→ **Work item**: Set down only these lines, exactly: the line containing "Экран прикрыт плоским" and all lines through the end of the data below. Omit pictures.

→ **Data provided**:

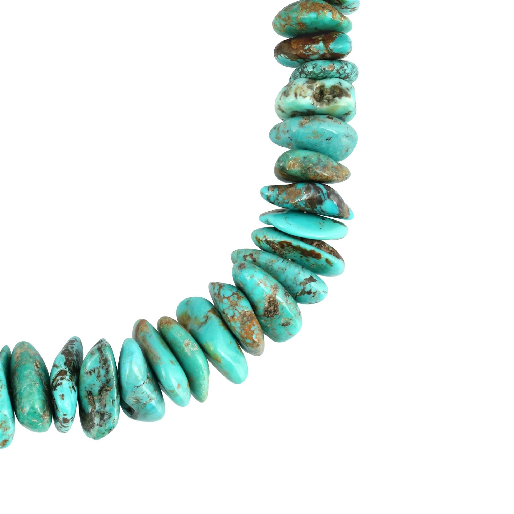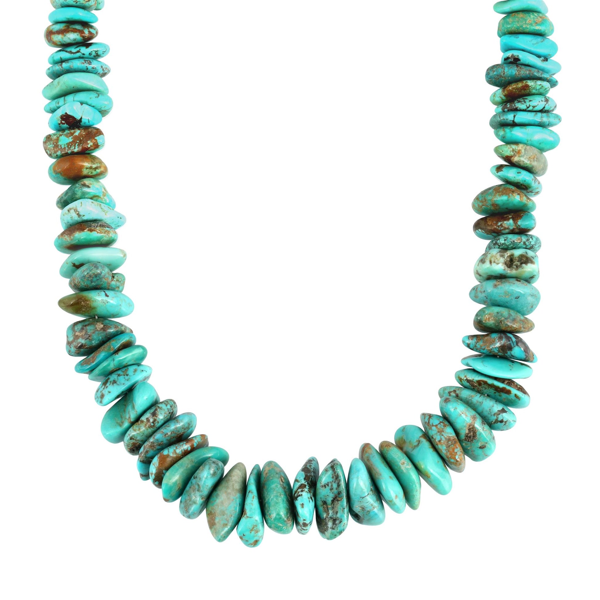 • Graduated design of Turquoise beads in shades of blue, blue-green, and green with brown matrix; oxidized finish
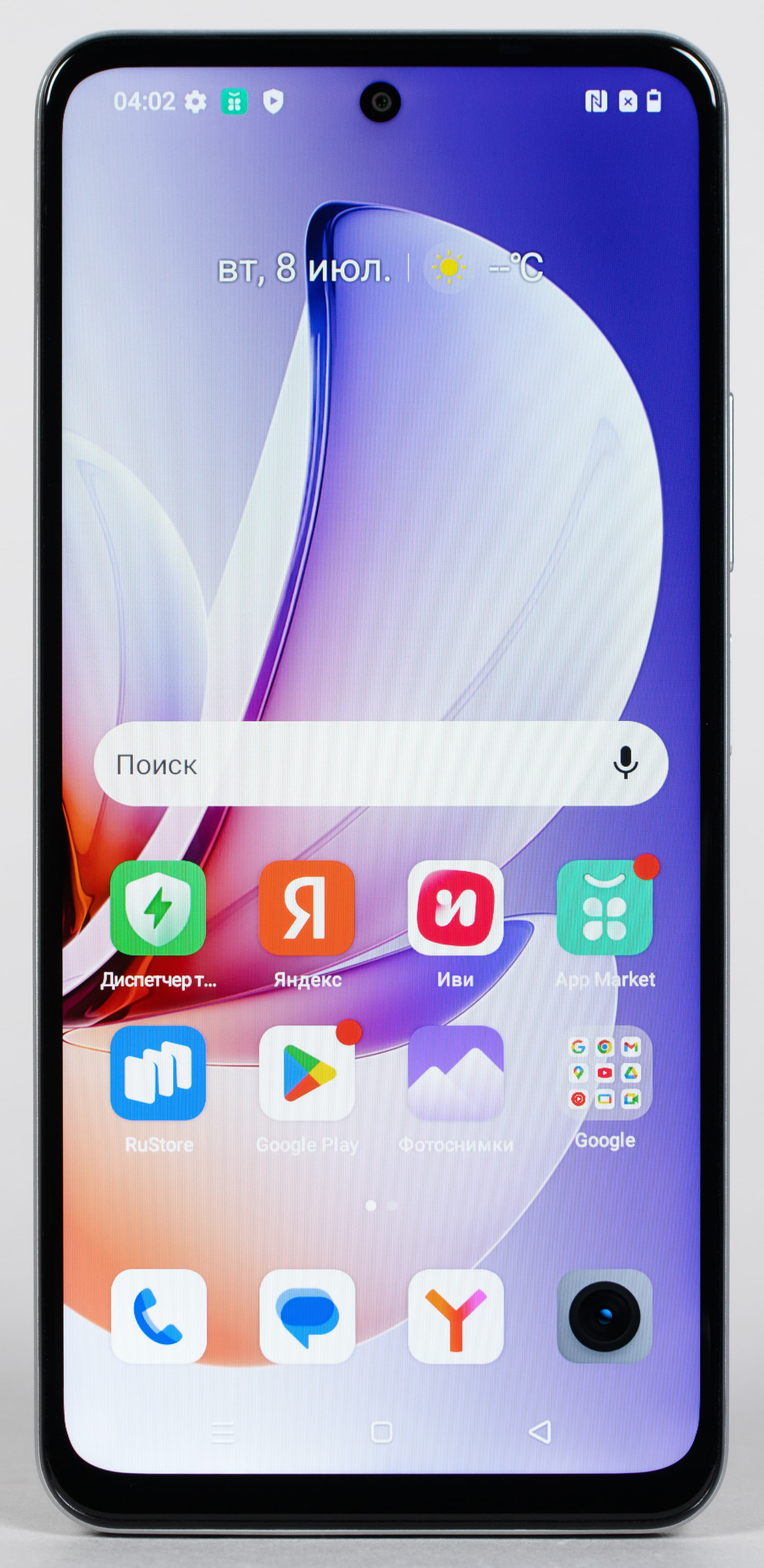 Экран прикрыт плоским стеклом без загнутых краев. Одиночный глазок фронтальной камеры установлен за круглым вырезом в матрице экрана. Рамка вокруг дисплея смотрится довольно широкой, особенно нижний ее сегмент.
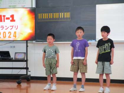 ハートフル委員会の子供たちが企画した「MT−1 グランプリ集会」の様子です。
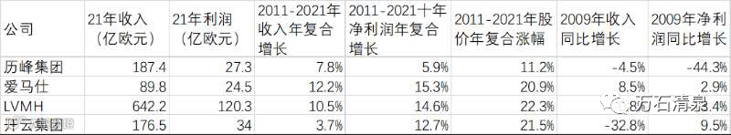 最后说可能的风险。目前能看到的两个风险,一个是中国如果持续疫情管控可能带来的至少今年销售的疲软,另一个是全球经济陷入衰退。第一个应该还比较可控,因为从最新披露的一季报来看,中国以外其他地区的增长显然能弥补中国的疲弱。第二个不好说,但是如果我们看最差的时候,即09年的时候,就能发现只有爱马仕是欧洲奢侈品唯一一家能扛过去、即实现收入利润双增的公司(开云虽然09年收入大减,但是利润还有增长,猜测可能有部分非经常的损益。)

→ **Task result**:
 Экран прикрыт плоским стеклом без загнутых краев. Одиночный глазок фронтальной камеры установлен за круглым вырезом в матрице экрана. Рамка вокруг дисплея смотрится довольно широкой, особенно нижний ее сегмент.
 ハートフル委員会の子供たちが企画した「MT−1 グランプリ集会」の様子です。
 最后说可能的风险。目前能看到的两个风险,一个是中国如果持续疫情管控可能带来的至少今年销售的疲软,另一个是全球经济陷入衰退。第一个应该还比较可控,因为从最新披露的一季报来看,中国以外其他地区的增长显然能弥补中国的疲弱。第二个不好说,但是如果我们看最差的时候,即09年的时候,就能发现只有爱马仕是欧洲奢侈品唯一一家能扛过去、即实现收入利润双增的公司(开云虽然09年收入大减,但是利润还有增长,猜测可能有部分非经常的损益。)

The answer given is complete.